Bolan rose to his feet, reached out to help Grimaldi, but the pilot waved him off, saying, “I’m good. Let’s hit it.”
The Executioner nodded, turned back toward the banquet hall downrange and stepped around the dead.
* * *
GRIMALDI GRIMACED AS he kept pace with his partner, limping slightly, still getting it done. He felt blood trickling down the inside of his left thigh from a shrapnel wound—too close for comfort, there—but he’d been hit before, and from the feel of it, he guessed that any medic with a pair of tweezers and a sewing kit could patch him up when they were done.
He reloaded his Commando carbine on the move. He’d been through worse, much worse, and lived to talk about it over cold beers with survivors like himself, who’d walked the wild side and returned to share the tale. Survival wasn’t really much of an achievement when he thought about it—skill and luck combined to beat an enemy who came up short in one or both—but it beat hell out of the only known alternative.
Grimaldi figured that their dust-up with the three shooters would have upset the fancy diners’ appetites and sent them streaming for the nearest exit, under the direction of their bodyguards. That could be good or bad, depending on the terrorists still unaccounted for, and how they’d planned their moves, whether they’d laid an ambush with this very thing in mind, or if they’d conjured something even worse.
Like bringing down the house.
“Hold up a sec,” he called to Bolan.
“What?”
“It strikes me that our pals back there were packing light,” Grimaldi said.
Bolan took no time to connect the dots. “Another World Trade Centers deal, you think?”
“Could be.”
Not 9/11, maybe, but the first one, back in 1993, when Ramzi Yousef and his cronies from al-Qaeda parked a truck bomb underneath the North Tower with plans to bring it down. The death toll had been relatively small—six pulled out of the rubble afterward—but the explosion and resulting fires had left more than a thousand wounded. Architecture and the limitations of homemade explosives had kept the damage and the body count from being vastly worse, but if God’s Hammer had access to more powerful and more sophisticated tools...
“We’ve got no way to check it out,” Bolan replied. “No one to call, right now. If we get through this, we can hand it off to Hal.”
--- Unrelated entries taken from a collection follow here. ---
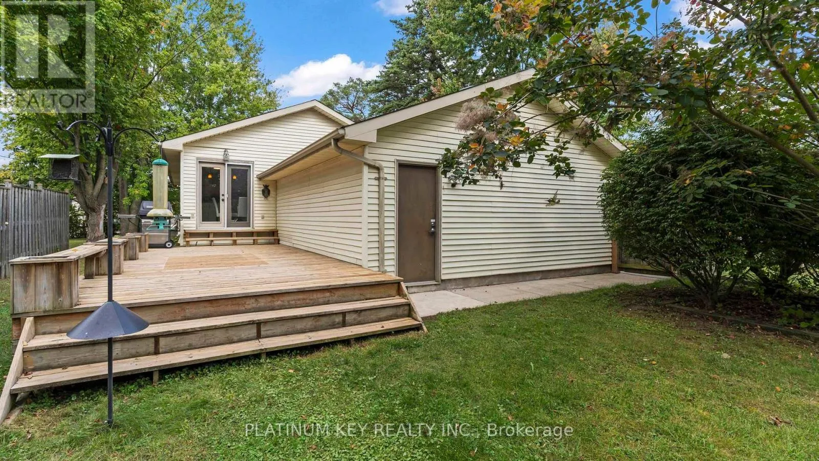 Cross Streets: Adelaide Rd. ** Directions: From Parkhouse Dr turn Northwest on Adelaide Rd, then turn Southwest on John St. Property is on the corner of Adelaide Rd and John St. A beautifully maintained raised bungalow on a generous corner lot (0.24 acres) with a 2-car garage. With 2+1 bedrooms and 2.5 baths, this home blends spacious living with small-town charm. Step inside to find a bright and open living, kitchen and dining area, perfect for family gatherings or entertaining. From the dining space, walk out to the expansive sun deck, complete with a natural gas BBQ hookup. The main level offers hardwood floors throughout (except kitchen and baths), adding warmth and character. The large kitchen features a tile backsplash, gas stove, and abundant cupboard and counter space. The primary bedroom includes a walk-in closet and a private 3-piece ensuite, while a second bedroom and 4-piece bath complete the main floor. Downstairs, the spacious family room with a freestanding gas fireplace offers a cozy retreat. The lower level also includes a third bedroom, a combined laundry/2-piece bath, and plenty of storage. With mature trees and lush gardens this home has the perfect outdoor space in the fully fenced yard. Located in the welcoming community of Mount Brydges, enjoy small-town living with nearby schools, parks, shops, and recreational facilities. With easy access to Highway 402, and just a short drive to London (20 minutes) and Strathroy (15 minutes). (id:27476)
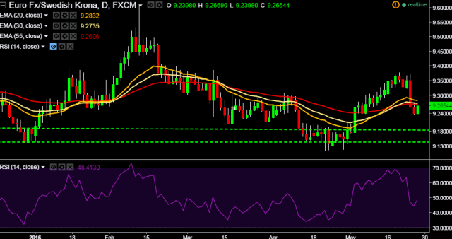 We prefer to take long position in EUR/SEK around 9.2565, stop loss 9.24 and target of 9.2928 marks.
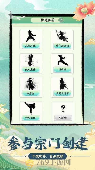 b.参与宗门创建——功法楼、武技阁、炼丹房。。等等宗门机构都需要设立,在修仙世界中收集材料,用心推进,你将会获得一个强大的修仙宗门
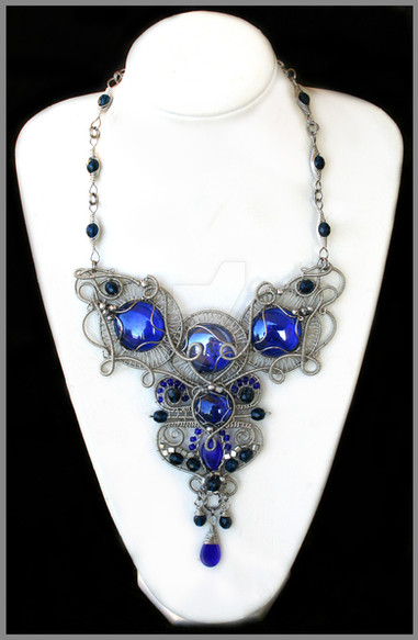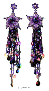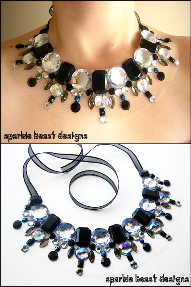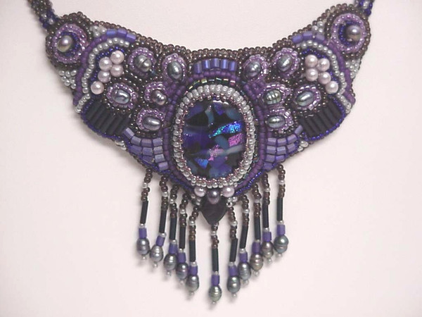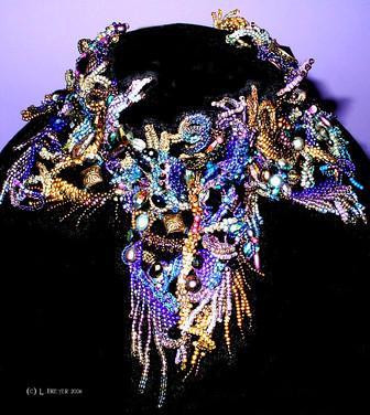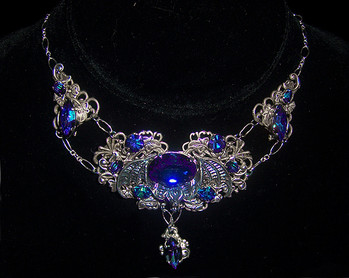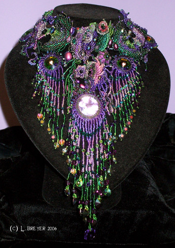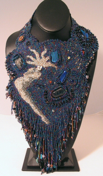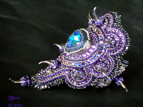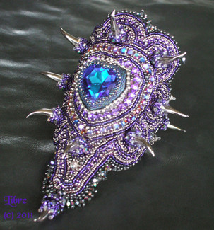 Mammoth project including, peyote stitch, wire work and bead embroidery.Materials are swarovski cabs, sterling silver, more swarovski and goth spikes.
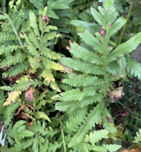 By leaving some areas unmulched, I have enjoyed the following native plants that have colonized my yard on their own: American Holly (Ilex opaca), Eastern Red Cedar (Juniperus virginiana), Wrinkle leaf Goldenrod (Solidago rugosa), Log Fern (Dryopteris celisa), Sensitive Fern (Onoclea sensibilis), and Common Milkweed (Asclepias syriaca). Native plants will also colonize areas already planted with a low- growing ground cover. I recommend the app Picture This to help identify plants.

By which time, Grimaldi thought, it would likely be too late.
Bolan was right, though: there was nothing they could do about some hypothetical disaster, when reality was right in front of them. Three shooters down, two others still at large, including the ringleader of the plot. It would be idiotic folly to retreat before they had done everything within their power to secure the target VIPs.
Grimaldi was moving even as he spoke. “You’re right. What are we waiting for?”
Bolan looked at the pilot’s bloodstained pants, frowning. “Do you want to check that out?”
“Later,” Grimaldi said. “I’d hate to miss dessert.”
* * *
MOHAMMED SANEA WAS fed up with waiting. Sitting in the van, below ground, he had no idea what was occurring in the huge hotel above him. Had Kabeer and the others achieved their goal, or had they all been slaughtered by security before they had the chance to fire a shot? For all Sanea knew, he was alone now, with no orders to obey beyond Kabeer’s command that he get out alive, then detonate the Semtex before slipping off—to where?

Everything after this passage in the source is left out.